News / Asia

    'Great Game' Resurfaces in Afghanistan

    Afghan Taliban fighters (file photo)
    Afghan Taliban fighters (file photo)
    Gary Thomas

    Occupying a strategic geopolitical position as the crossroads of Central Asia once made Afghanistan a focal point for governments competing for economic, political, and diplomatic dominance in the region. This competition, dubbed the Great Game, is now being replayed in a new 21st century version, but with some of the same nations participating, but this time, they are playing for different - and higher - stakes than some 150 years ago.

    Professor Larry Goodson of the U.S. Army War College says that with the U.S. pondering its eventual troop withdrawal from Afghanistan, many countries are looking to see how they can extend their influence there.

    Since there is a 21st-century Great Game going on in Afghanistan, a number of other regional actors - China, India, Russia, the Arabian Gulf countries, and then the United States and NATO, not a regional actor but engaged very heavily in Afghanistan - are all engaged and are all supporting different local proxies that can carry forward the interests of the outside actor," said Professor Goodson.

    Some are backing the U.S. effort and Afghan President Hamid Karzai.  Some are backing the Taliban.  But Afghanistan's closest neighbors appear to be betting to some extent on both.

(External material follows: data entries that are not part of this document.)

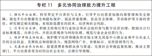 (三)完善多元共治新格局。建立完善政府、平臺(tái)、企業(yè)、行業(yè)組織和社會(huì)公眾多元參與、有效協(xié)同的數(shù)字經(jīng)濟(jì)治理新格局,形成治理合力,鼓勵(lì)良性競(jìng)爭(zhēng),維護(hù)公平有效市場(chǎng)。加快健全市場(chǎng)準(zhǔn)入制度、公平競(jìng)爭(zhēng)審查機(jī)制,完善數(shù)字經(jīng)濟(jì)公平競(jìng)爭(zhēng)監(jiān)管制度,預(yù)防和制止濫用行政權(quán)力排除限制競(jìng)爭(zhēng)。進(jìn)一步明確平臺(tái)企業(yè)主體責(zé)任和義務(wù),推進(jìn)行業(yè)服務(wù)標(biāo)準(zhǔn)建設(shè)和行業(yè)自律,保護(hù)平臺(tái)從業(yè)人員和消費(fèi)者合法權(quán)益。開(kāi)展社會(huì)監(jiān)督、媒體監(jiān)督、公眾監(jiān)督,培育多元治理、協(xié)調(diào)發(fā)展新生態(tài)。鼓勵(lì)建立爭(zhēng)議在線解決機(jī)制和渠道,制定并公示爭(zhēng)議解決規(guī)則。引導(dǎo)社會(huì)各界積極參與推動(dòng)數(shù)字經(jīng)濟(jì)治理,加強(qiáng)和改進(jìn)反壟斷執(zhí)法,暢通多元主體訴求表達(dá)、權(quán)益保障渠道,及時(shí)化解矛盾糾紛,維護(hù)公眾利益和社會(huì)穩(wěn)定。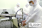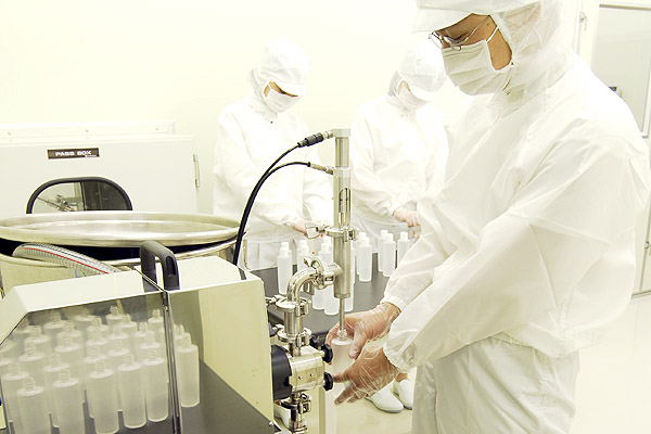 化粧品の製造工場には、試験研究室、秤量室、製造室、充填室などの施設があり、実際に製造を行う施設は、医薬品製造工場レベルに匹敵する衛生管理がなされています。人と物の動線分離、クリーンルームとその他のエリアの差圧管理、1日1時間の機械洗浄などでホコリやゴミなど異物の混入を防ぐことはもちろん、厳密な温湿度管理で出荷直前まで完成直後の状態をた持ち続けるなど、安心してご使用いただける品質の維持に努めています。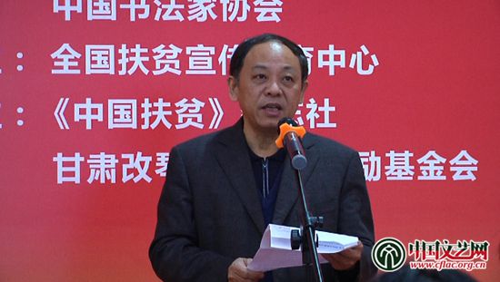 夏潮在讲话中指出,扶贫工作是党中央、国务院的一项重要战略部署。2016年7月13日,中国文联印发《关于开展“文艺扶贫奔小康”志愿服务行动的通知》,部署实施“文艺扶贫奔小康”志愿服务行动,充分发挥各级文联的组织优势和各文艺家协会的人才优势,动员广大文艺家、文艺工作者以志愿服务形式参与“脱贫攻坚”,探索文艺扶贫的新模式、助力全面建成小康社会。本次展览,书法家们以广大人民群众喜闻乐见的艺术形式,宣传脱贫攻坚战的决策部署,弘扬中华民族自强不息、扶危济困的传统美德,展示贫困地区干部群众向贫困决战的精神风貌,必将进一步唤起社会各界关注关心、支持参与脱贫攻坚的热情。随后,苏士澍、洪天云分别致辞,并为参加此次活动的书法家颁发《捐赠证书》。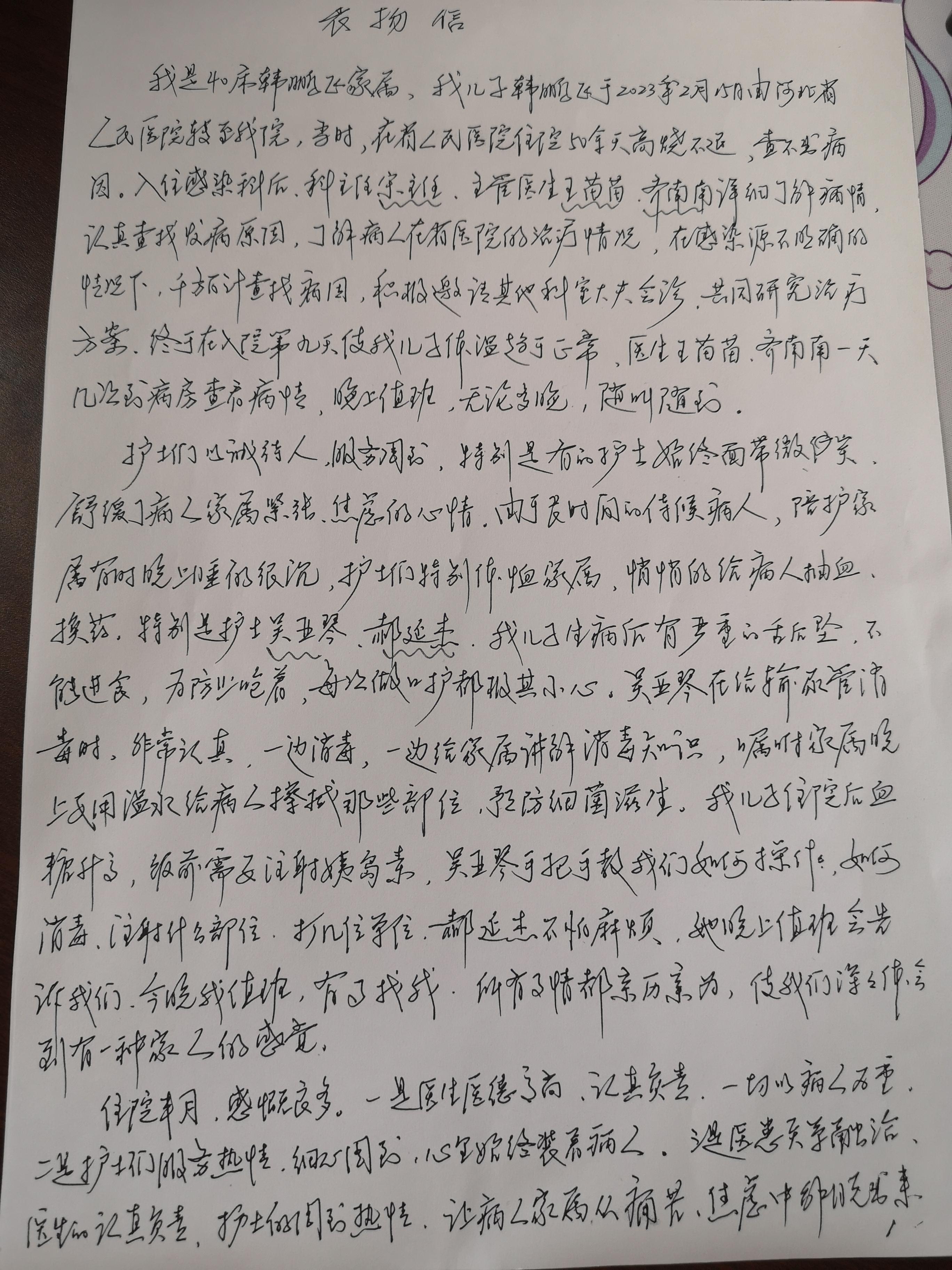 致感染性疾病实验诊断中心李继红主任及烧伤科李桂馨主任的感谢信

    Jim Dobbins, director of the International Security and Defense Policy Center at the RAND Corporation, says Pakistan is playing both sides.

    "There's no doubt that Pakistan has a very complicated set of policies and self-perceived interests which do result in its playing a double game, on the one hand insisting that they're part of the U.S.-led coalition to stabilize Afghanistan and on the other hand, tolerating and perhaps even directly assisting Taliban leadership that operates from a sanctuary in Pakistan, " said Dobbins.

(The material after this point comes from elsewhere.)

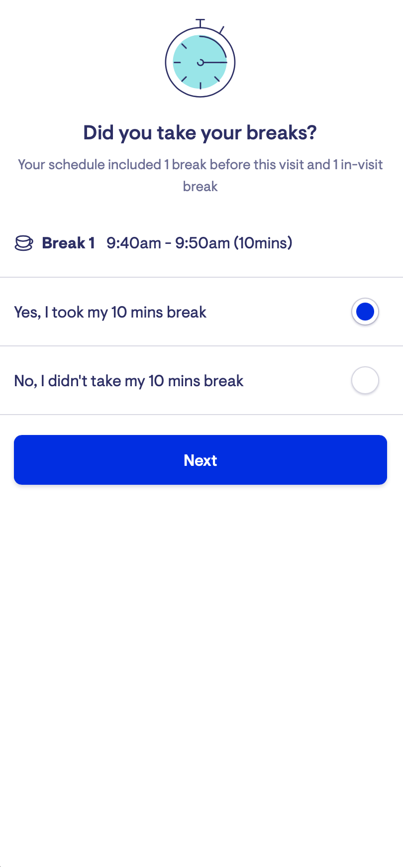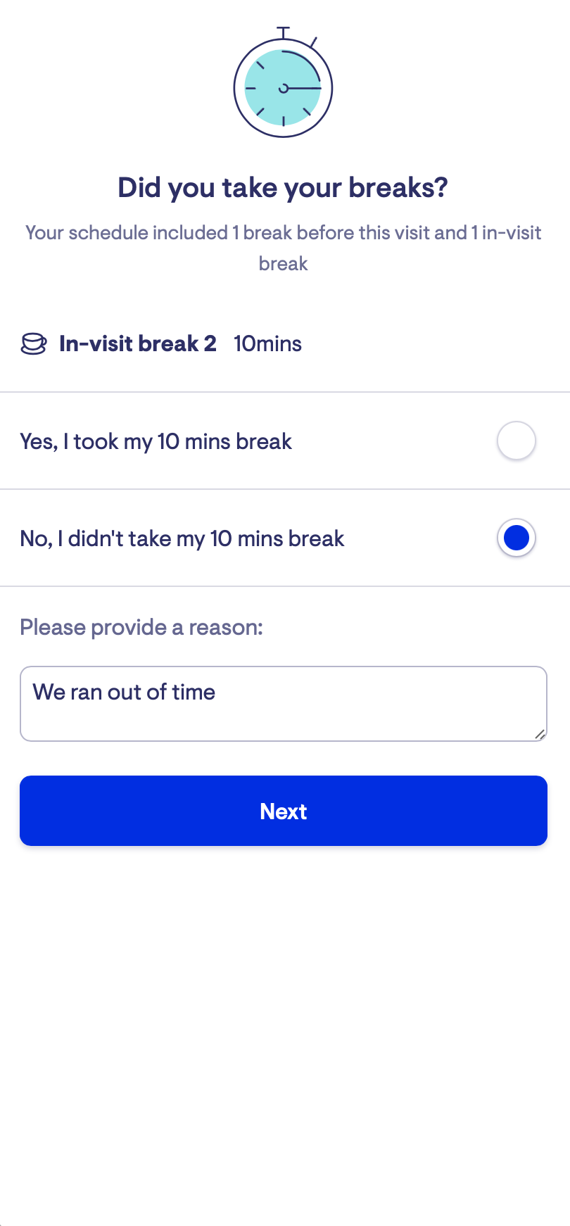The first view below shows the worker being reminded of their in-visit break (intended within the visit to which they're about to check in). The final two screens are the worker being asked to verify the breaks scheduled before this checkout. You'll note responding with a "no" requires the worker to provide a reason.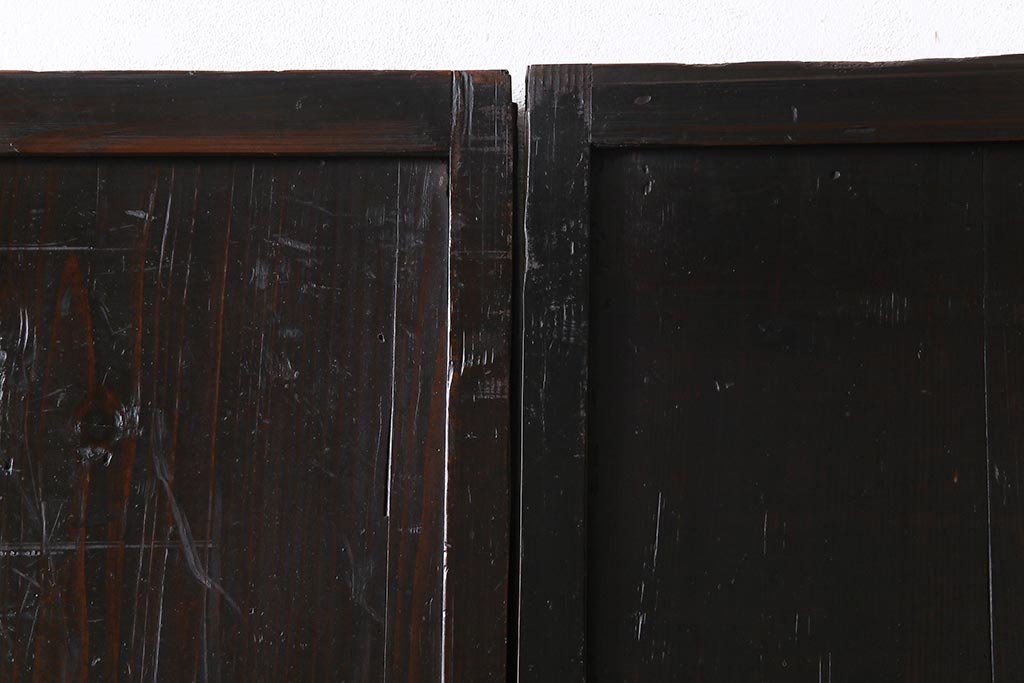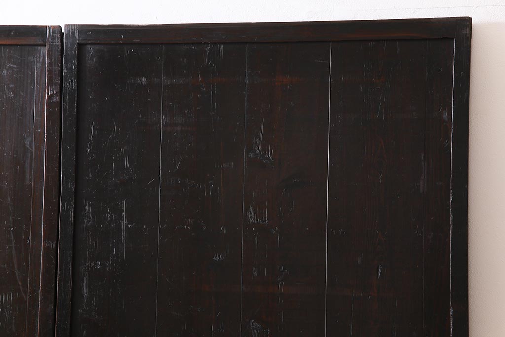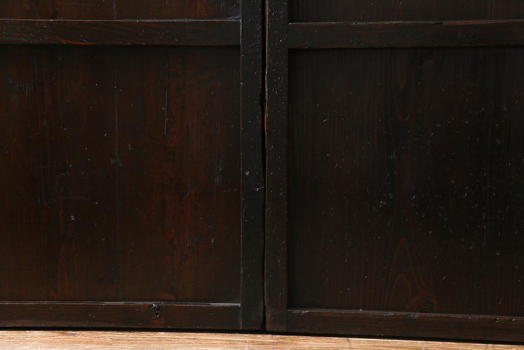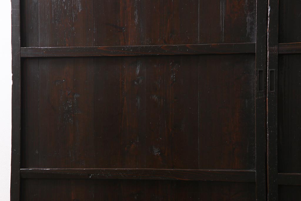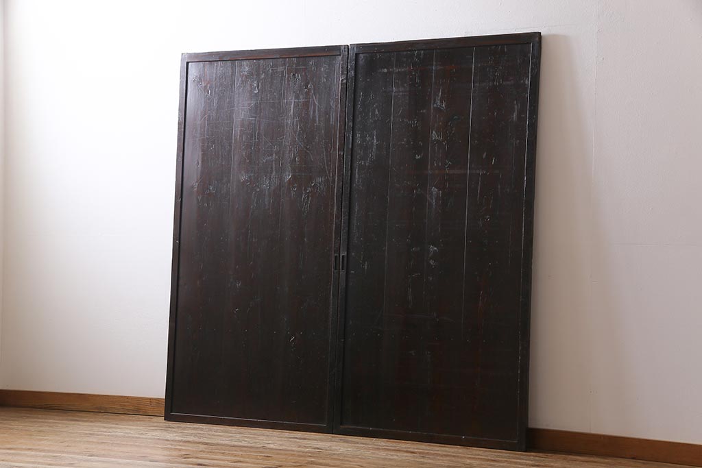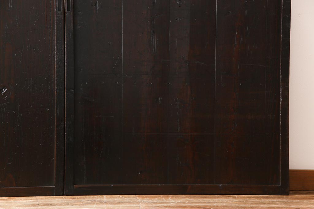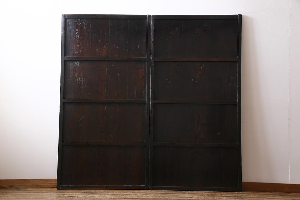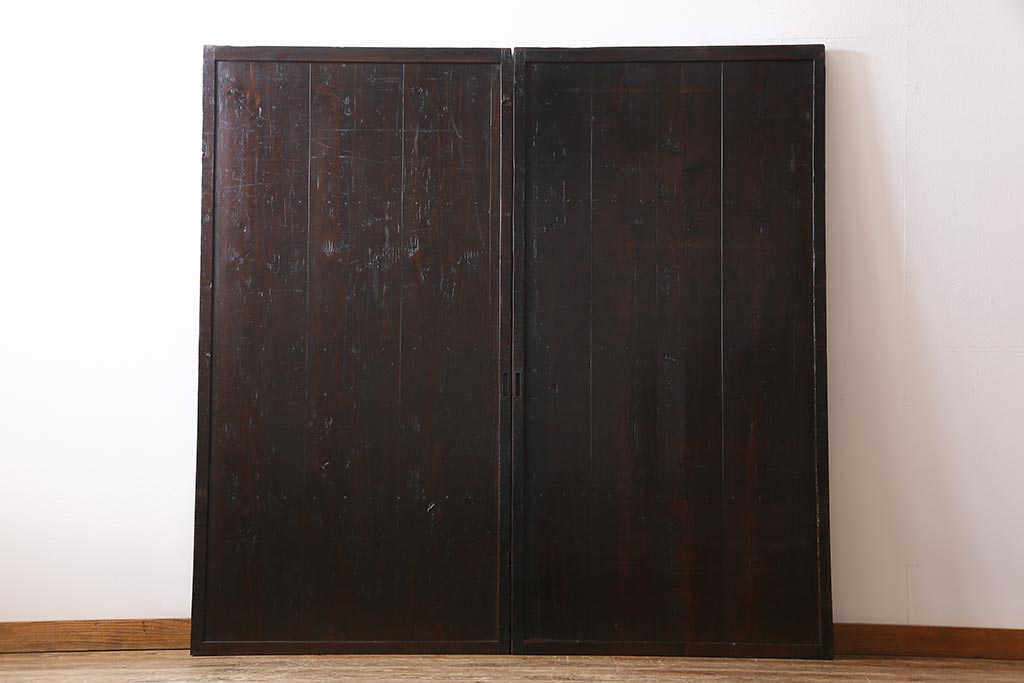 和製アンティーク 杉材 濃い色合いが渋さを醸し出す板戸(帯戸、引き戸、建具)2枚セットです。

    Officially, Pakistan says it supports U.S.-led efforts in Afghanistan and denies any backing for the Pakistani Taliban or other militant groups.  But analysts say India's influence in Afghanistan is growing, and Larry Goodson says Islamabad sees using militant groups as a way of battling that and keeping India preoccupied in Kashmir.

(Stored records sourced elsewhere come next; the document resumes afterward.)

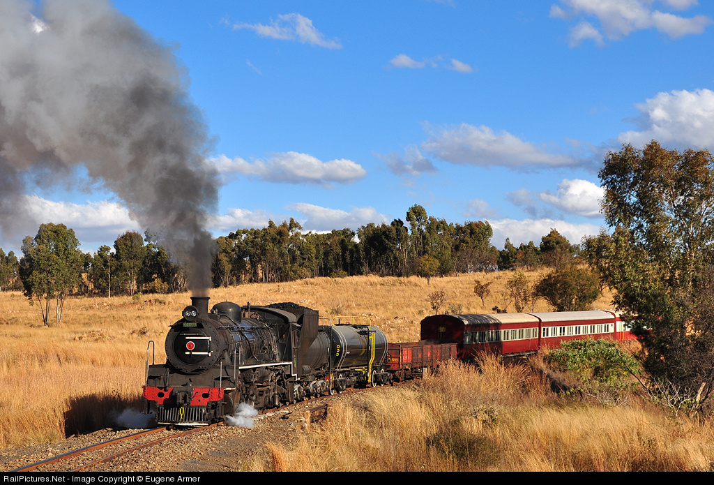 | Although the old Abattoir outside the town of Cullinan no longer exists, the local railfan community still refers to this location by that name. On its way to Cullinan with a Friends of the Rail photo charter, Class 24 # 3664 performs a photo runby at the Abattoir on a sunny winter afternoon. |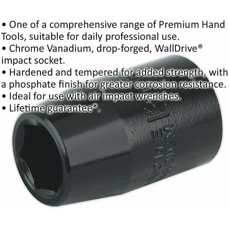 Chrome Vanadium, drop-forged, WallDrive® impact socket. Hardened and tempered for added strength, with phosphate finish for greater corrosion resistance. Ideal for use with air impact wrenches.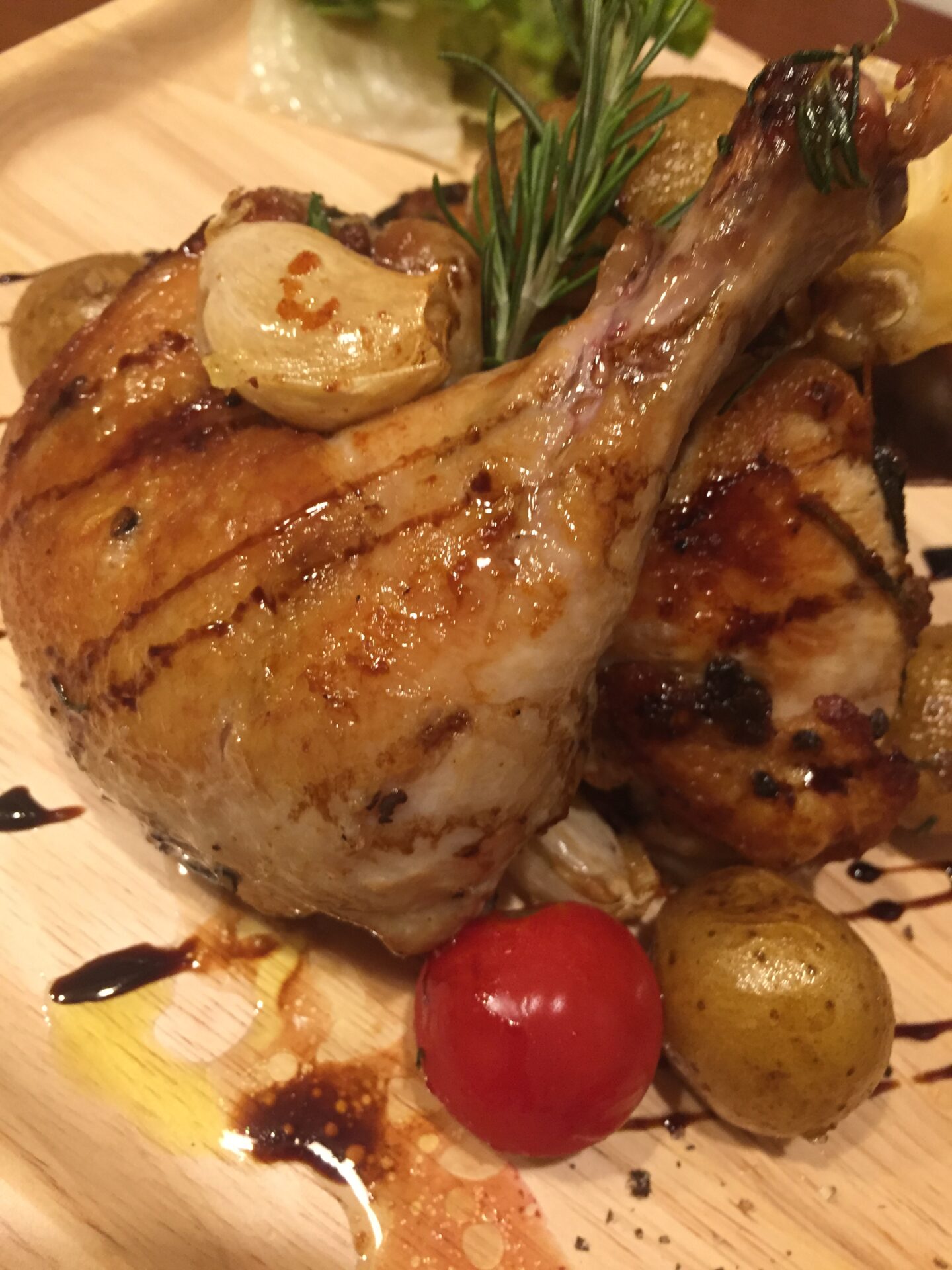 ローストチキン。ローズマリーとニンニクが加えて焼いてある。美味かった。にんにくは潰して食べるといいですね。

    "You can't really tell a country, 'you should give up your tools of national security policy that work.'  They might say, 'yes, what an excellent idea, we'll do it immediately,' but you shouldn't then believe that they're actually going to do it," he said. "So I don't think that it's reasonable for us to really expect Pakistan to change what it's done, in part because its national security leadership has grown up knowing that these were tools of national security policy."

    Jim Dobbins, a veteran diplomat who helped negotiate international agreements on Afghanistan, says Iran is also hedging its bets.  He says Iran does not want to be completely locked out of influence in neighboring Afghanistan, and also finds it convenient to make life uncomfortable for the U.S. and NATO troops there.  But, he adds, it also wants stability and has strongly supported President Karzai.

    "So they've maintained low-level contacts and provided very limited levels of support to some insurgent groups," he said. "But the dominant effort has been to bolster Karzai.  They are a major aid donor, and they've been quite consistent in supporting Karzai and supporting Karzai's initiatives.  So, I think on balance, they are not the most problematic of Afghanistan's neighbors.  From the American standpoint, the most problematic is still Pakistan."

    For its part, analysts say, China is worried about any spread of militant Islam out of Afghanistan to its own Muslim regions.  And Russia, they add, wants not only to halt any export of militancy, but also would like to minimize U.S. influence in Central Asia, which has spread alongside American logistical needs in region, such as air bases, to supply the effort in Afghanistan.

    Jim Dobbins says that for any political settlement the Afghans reach with insurgents to end the conflict to hold, it will need wide international support.

    "There are other players who have their own views, their own objectives - the Indians, the Iranians, the Russians, the Americans - and any settlement is going to have to satisfy all of them if it's going to stick," said Dobbins. "I think you can imagine an outcome of this game which stabilizes and pacifies Afghanistan, but that's far from certain.  And it will require a great deal of effort and diplomatic skill on the part of the United States, which is still the single most powerful player in this game."

    The Obama administration is currently engaged in a policy review that will have a strong impact on the timetable and pace of the U.S. troop withdrawal from Afghanistan, which is scheduled to at least partially begin in July, 2011.